Left home right after delivery
Chato and Shenshu Rengma
"Not even 20 minutes after my wife gave birth, we heard gun shots. She was still bleeding when we fled to the jungle,” said Chato Rengma, who is from Khanari village that was attacked by Karbi militants on December 27.
“We walked nearly 10 kms to reach the next village, Phangcherop, through the jungle where we spent a night. Then, we walked another 10km to the Chokihola police station the next day,” he said.
‘It’s better to die than live in these camps’
People living in the relief camps are afraid to go back home. All the camps in Karbi Anglong have been set up in government schools. Out of the nine relief camps set up in the region, three in the Borpathar region are occupied by Rengmas and the rest by Karbis. “We will not go back unless there is a peace agreement between the warring outfits or unless the government assures security,” says 68-year-old Ragi Rengma, who lost his house and now lives in the Borpathar LP school relief camp.
Far from their villages, living in relief camps is a struggle for people from both communities. Cold has started to take its toll. Of the eight relief camps that HT visited, one death from the Rengmas and two from the Karbi side were reported.

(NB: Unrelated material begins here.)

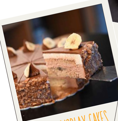
SWEET DISPLAY CAKES

There has been an outbreak of measles in Borpathar camp, where at least 10 children have been infected. “Medical help is being provided by the administration, but it isn’t enough for the hundreds living here,” said Kanti Rengma, who is part of the committee.
While the lower reaches have seen some help, camps in remote areas like Koilamati and Bensing have received a token amounts as relief from the administration. In Bensing, a major section of the camp has been taken over by the CRPF, leaving very little room for the 243 people there. Three Chokihola relief camps, which are more accessible than others, have received just 200 blankets for 1200 camp dwellers.
“It’s better to die than live in these camps in fear,” says 90-year-old Omphu Hansepi in Sardoka Engti school camp. “Have we lived our lives just to witness these conflicts?”